The third holographic element 402 and the second holographic element 401 are located on the surface of the first substrate layer 301 and the first holographic element 22 and the fifth holographic element 23 are located on the surface of the second substrate layer 302. The first holographic element 22 and the third holographic element 402 together constitute a viewing window, both being located in the same horizontal line and parallel to each other. The first substrate layer 301 and the second substrate layer 302 are parallel to each other with an air gap therebetween.

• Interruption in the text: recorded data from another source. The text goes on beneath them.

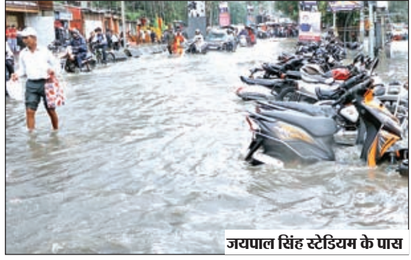
जयपाल सिंह स्टेडियम के पास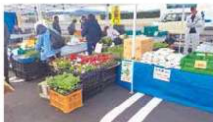
金峰 花・野菜販売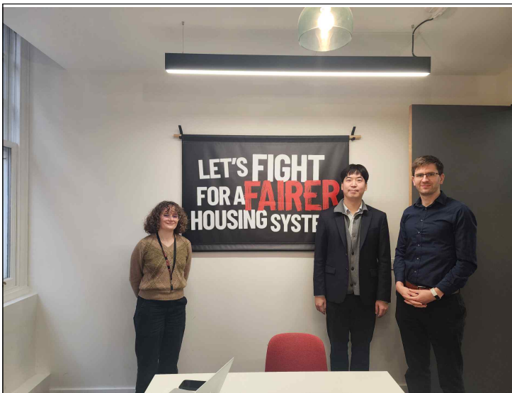
▲ Shelter 방문 사진(내부)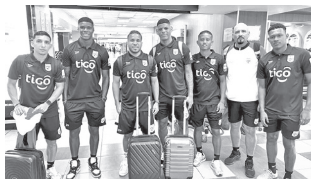
El seleccionado de Panamá a su llegada al país.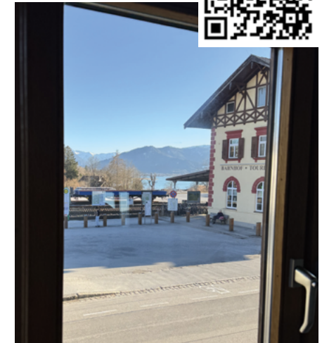
Traumblick durch die jetzt saubere Scheibe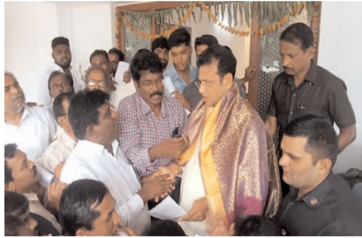
హైదరాబాద్ సెప్టెంబర్ 20 మినిస్టర్ క్వార్టర్స్ ప్రజా గొంతుక డెస్క్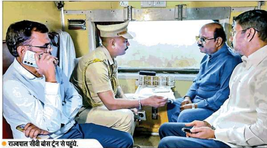
● राज्यपाल सीवी बोस ट्रेन से पहुंचे।

राज्यपाल ने कहा कि वे पीड़ितों से मिलकर जमीनी स्थिति समझेंगे और केंद्र सरकार को रिपोर्ट देंगे। उन्होंने कहा, हमें हिंसा के रास्ते को खत्म करना होगा और उसके ताबूत में आखिरी कील ठोकनी होगी।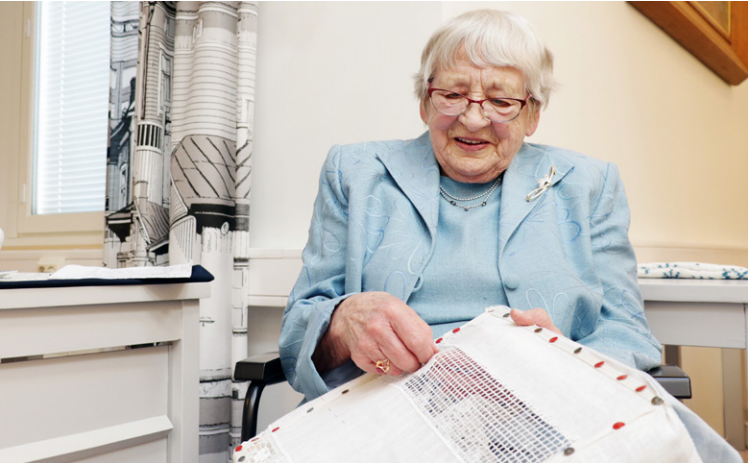
Hyvä näkö ja kärsivällisyys ovat revinnäiskirjonnassa tarpeen.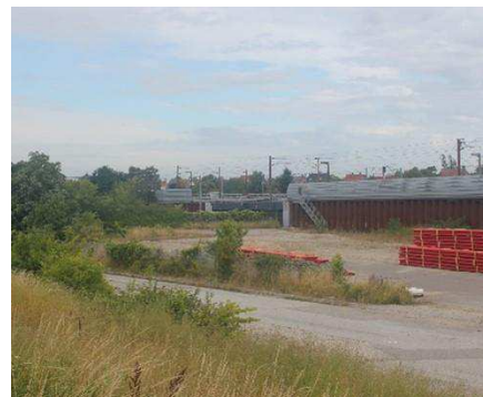
Området set fra Retortvej med jernbanen, støjskærm og broen over Vigerslev Allé i baggrunden.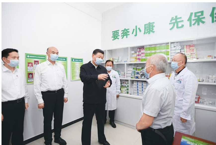
2021年9月13日至14日，中共中央总书记、国家主席、中央军委主席习近平在陕西省榆林市考察。这是14日下午，习近平在绥德县张家砭镇郝家桥村卫生站同村里的老人、医护人员亲切交流。新华社记者 李学仁/摄

社会条件、文化特征不同，社会保障制度必然多种多样。我们注重学习借鉴国外社会保障有益经验，但不是照抄照搬、简单复制，而是立足国情、积极探索、大胆创新，成功建设了具有鲜明中国特色的社会保障体系。我们坚持发挥中国共产党领导和我国社会主义制度的政治优势，集中力量办大事，推动社会保障事业行稳致远；坚持人民至上，坚持共同富裕，把增进民生福祉、促进社会公平作为发展社会保障事业的根本出发点和落脚点，使改革发展成果更多更公平惠及全体人民；坚持制度引领，围绕全覆盖、保基本、多层次、可持续等目标加强社会保障体系建设；坚持与时俱进，用改革的办法和创新的思维解决发展中的问题，坚决破除体制机制障碍，推动社会保障事业不断前进；坚持实事求是，既尽力而为又量力而行，把提高社会保障水平建立在经济和财力可持续增长的基础之上，不脱离实际、超越阶段。我们要坚持和发展这些成功经验，不断总结，不断前进。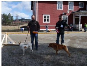
BIS & BIS2 i Stöde...

The first holographic element 22 and the fifth holographic element 23 are arranged by using the second substrate layer 302, so that the volume of holographic aiming is reduced, and the difficulty in assembling and adjusting the grating is reduced.

In some embodiments, the projected width of the beam of light of the image to be displayed propagating in the first substrate layer 301 is not less than the transmission period of the beam of light of the image to be displayed propagating in the first substrate layer 301; the projected width of the beam of light propagating in the second substrate layer 302 is no greater than the transmission period of the beam of light propagating in the second substrate layer 302.

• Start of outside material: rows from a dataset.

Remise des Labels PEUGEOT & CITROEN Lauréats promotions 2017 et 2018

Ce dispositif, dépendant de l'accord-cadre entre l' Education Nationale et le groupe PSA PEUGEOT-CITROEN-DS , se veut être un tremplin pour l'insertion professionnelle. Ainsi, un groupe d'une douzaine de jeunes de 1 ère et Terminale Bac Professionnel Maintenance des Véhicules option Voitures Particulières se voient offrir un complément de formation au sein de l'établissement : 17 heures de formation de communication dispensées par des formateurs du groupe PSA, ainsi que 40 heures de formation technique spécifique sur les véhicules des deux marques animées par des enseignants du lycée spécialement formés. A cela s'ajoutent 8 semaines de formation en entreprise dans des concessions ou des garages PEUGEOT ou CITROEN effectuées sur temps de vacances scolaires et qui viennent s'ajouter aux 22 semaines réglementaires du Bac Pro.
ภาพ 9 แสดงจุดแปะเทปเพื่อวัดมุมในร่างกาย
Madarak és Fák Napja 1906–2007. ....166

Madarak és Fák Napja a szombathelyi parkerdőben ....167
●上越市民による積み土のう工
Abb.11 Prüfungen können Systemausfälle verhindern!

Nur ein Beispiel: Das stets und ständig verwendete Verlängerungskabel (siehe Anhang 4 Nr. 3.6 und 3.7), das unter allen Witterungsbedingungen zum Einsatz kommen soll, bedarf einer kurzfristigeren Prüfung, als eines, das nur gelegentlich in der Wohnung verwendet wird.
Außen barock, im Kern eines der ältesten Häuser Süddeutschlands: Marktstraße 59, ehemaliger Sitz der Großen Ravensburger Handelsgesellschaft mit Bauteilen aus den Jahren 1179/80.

Referring to fig. 4, for the first base layer 301 that transmits the image to be displayed emitted by the display unit 101, it is required to have pupil duplication in the first base layer 301 in order to reduce the base layer thickness without losing the image quality. W ₁ The width of the light beam projected onto the surface of the first substrate layer 301, D ₁ Is the thickness, L, of the first substrate layer 301 ₁ The first substrate layer 301 has a refractive index n for the transmission period of the light beam in the first substrate layer 301 ₁ The minimum transmission angle of the light in the first substrate layer 301 is θ ₁ min, maximum transmission angle theta ₁ max. The method comprises the following steps:

n ₁ sinθ _1min ≥1

W ₁ ≥L ₁ ＝2D ₁ tanθ _1max

referring to fig. 5, for the second substrate layer 302 to display the aiming image recorded by the first holographic element 22, it is desirable to have pupil non-replication in the second substrate layer 302 to ensure that the light waves in the substrate layer have a complete continuous wavefront to improve the projected display quality of the aiming image. W ₂ The width of the beam projected onto the surface of the second substrate layer 302, D ₂ Is the thickness, L, of the second substrate layer 302 ₂ For the transmission period of the light beam in the second substrate layer 302, the second substrate layer 302 has a refractive index n ₂ The minimum transmission angle of the light in the second substrate layer 302 is θ ₂ min, maximum transmission angle theta ₂ max. The method comprises the following steps:

n ₂ sinθ _2min ≥1

W ₁ ≤L ₁ ＝2D ₂ tanθ _2max the encoded aiming image 601 for the first holographic element 22 may be pre-encoded for storage. Specifically, referring to fig. 6, the mask plate 801 has pattern information to be loaded by the first hologram element 22, which is in accordance with the aiming image 601. Mask 801 is illuminated by light waves 2200, which light waves transmitted through mask 801 are Fourier transformedThe lens 802 forms object light 2202. Meanwhile, another beam of obliquely incident reference light 2201 exists in the space, the object light 2202 and the reference light 2201 meet on the first hologram element 22, and light wave interference occurs at the first hologram element 22, so that an interference field distributed three-dimensionally is formed inside the first hologram element 22. The internal interference field of the first holographic element 22 simultaneously changes the material properties, resulting in a material property distribution similar to the internal interference field distribution of the first holographic element 22, i.e. the spectral information of the mask 801 is recorded. Typical material property changes include refractive index changes, transmittance changes, and the like. The first hologram 22 is a planar structure, and is typically a photosensitive material such as a photopolymer or silver salt. The recording conditions (including the wavelength of the light used, the angular position of the beam and the object) need to be in accordance with the actual requirements of use, which determine the recording conditions.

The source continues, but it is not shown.